* Input material *
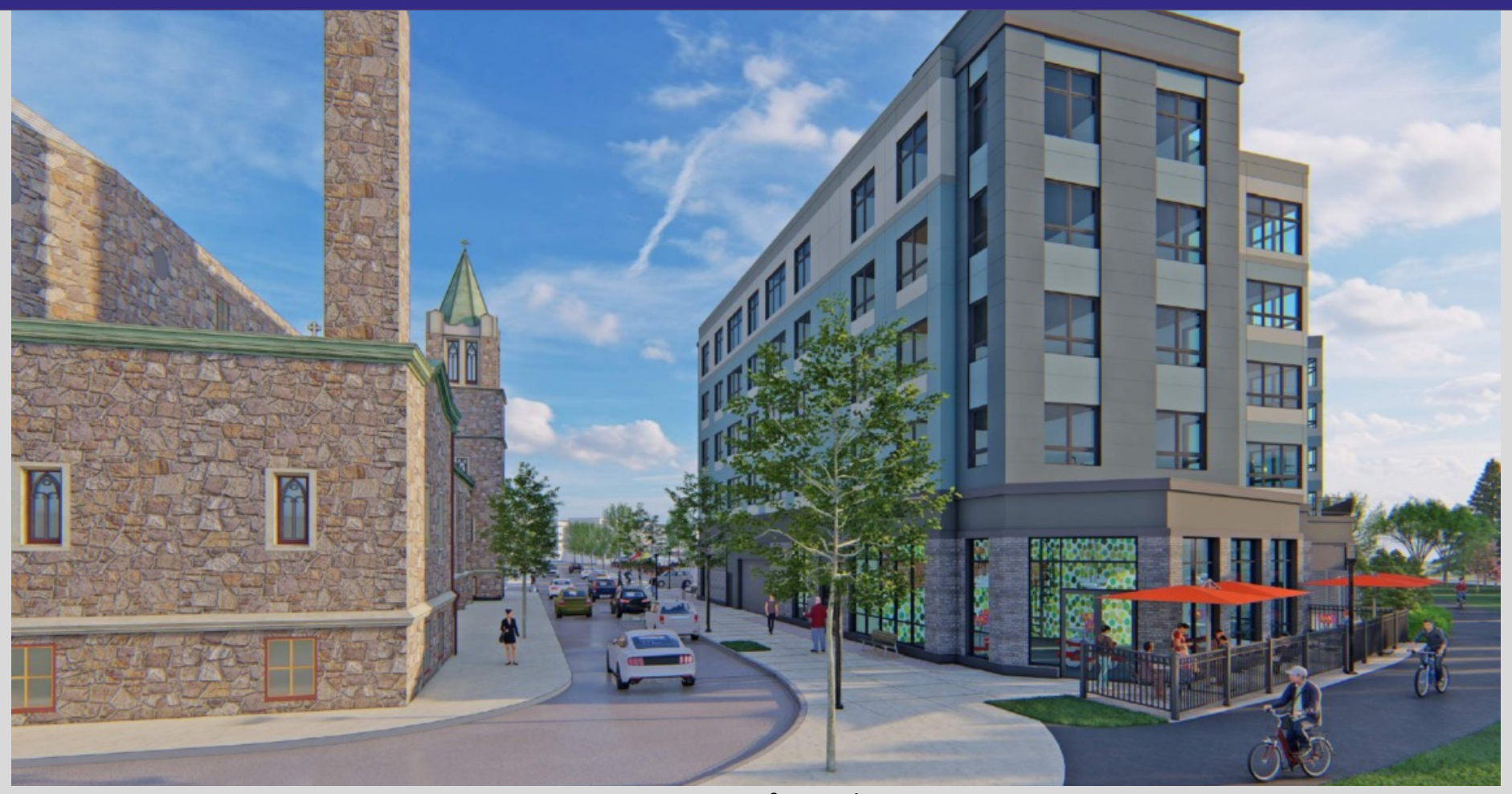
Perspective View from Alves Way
==
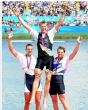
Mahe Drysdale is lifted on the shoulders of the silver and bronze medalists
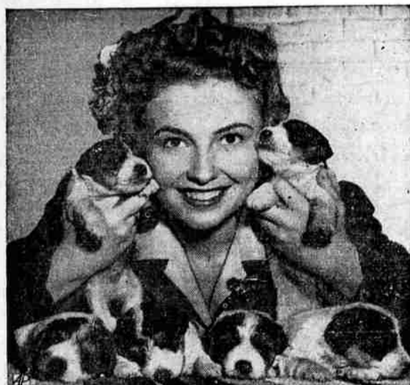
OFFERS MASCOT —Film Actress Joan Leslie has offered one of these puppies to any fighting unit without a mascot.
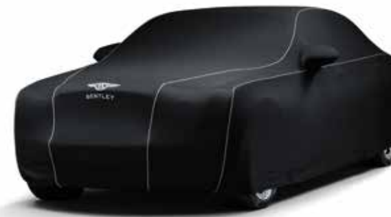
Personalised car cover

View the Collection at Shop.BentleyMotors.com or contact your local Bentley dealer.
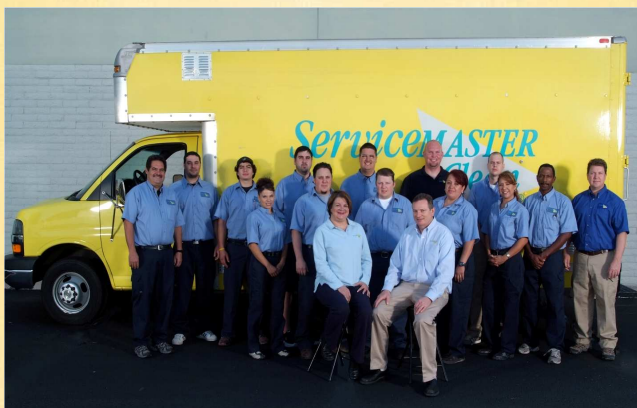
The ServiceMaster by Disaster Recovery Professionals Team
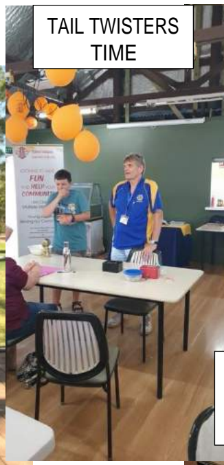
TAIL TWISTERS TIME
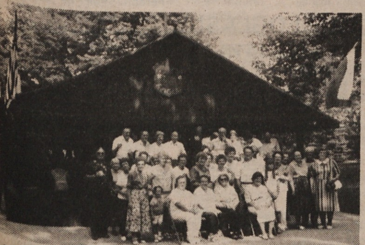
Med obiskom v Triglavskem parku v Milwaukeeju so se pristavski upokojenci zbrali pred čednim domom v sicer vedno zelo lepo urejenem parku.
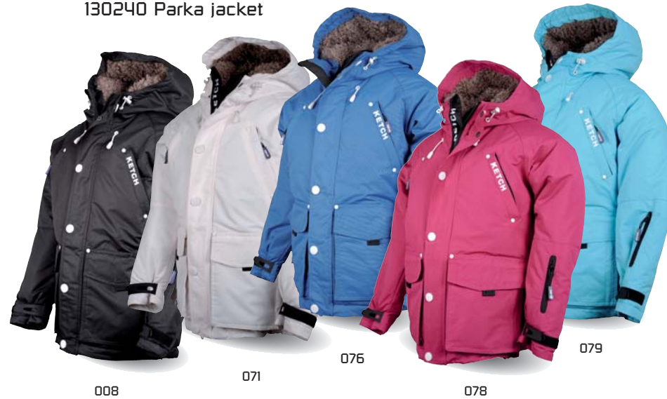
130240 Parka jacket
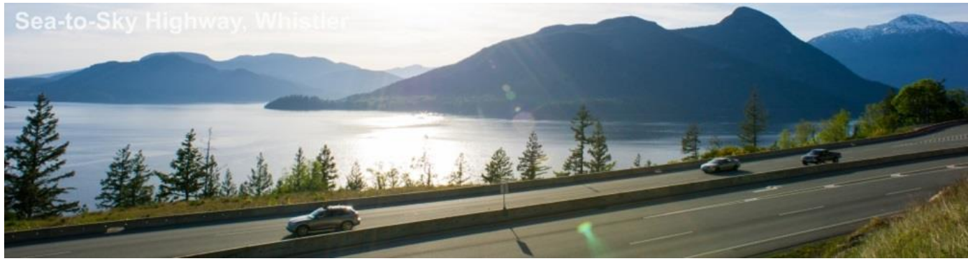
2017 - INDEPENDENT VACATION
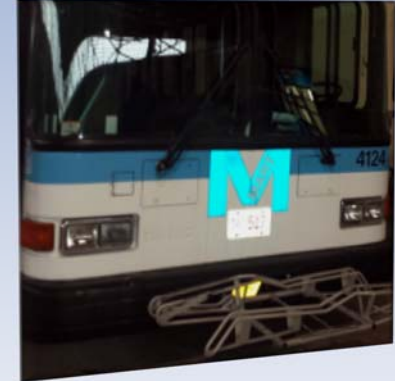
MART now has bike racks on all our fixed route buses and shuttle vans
--
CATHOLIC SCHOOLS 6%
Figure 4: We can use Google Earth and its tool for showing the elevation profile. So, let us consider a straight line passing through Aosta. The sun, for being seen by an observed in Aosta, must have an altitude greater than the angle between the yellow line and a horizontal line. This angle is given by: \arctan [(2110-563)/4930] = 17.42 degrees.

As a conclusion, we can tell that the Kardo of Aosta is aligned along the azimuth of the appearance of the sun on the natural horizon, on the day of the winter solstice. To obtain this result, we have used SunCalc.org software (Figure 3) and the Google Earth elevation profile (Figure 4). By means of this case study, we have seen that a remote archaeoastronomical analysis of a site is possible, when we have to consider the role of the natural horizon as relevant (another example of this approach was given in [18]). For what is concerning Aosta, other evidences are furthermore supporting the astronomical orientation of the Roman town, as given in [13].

* What to do *
Above, find the line with "TAIL TWISTERS TIME"; copy it and every line down to the line with "MART now has", exactly and both included, but no pictures.

* Result of this task *
TAIL TWISTERS TIME
Med obiskom v Triglavskem parku v Milwaukeeju so se pristavski upokojenci zbrali pred čednim domom v sicer vedno zelo lepo urejenem parku.
130240 Parka jacket
2017 - INDEPENDENT VACATION
MART now has bike racks on all our fixed route buses and shuttle vans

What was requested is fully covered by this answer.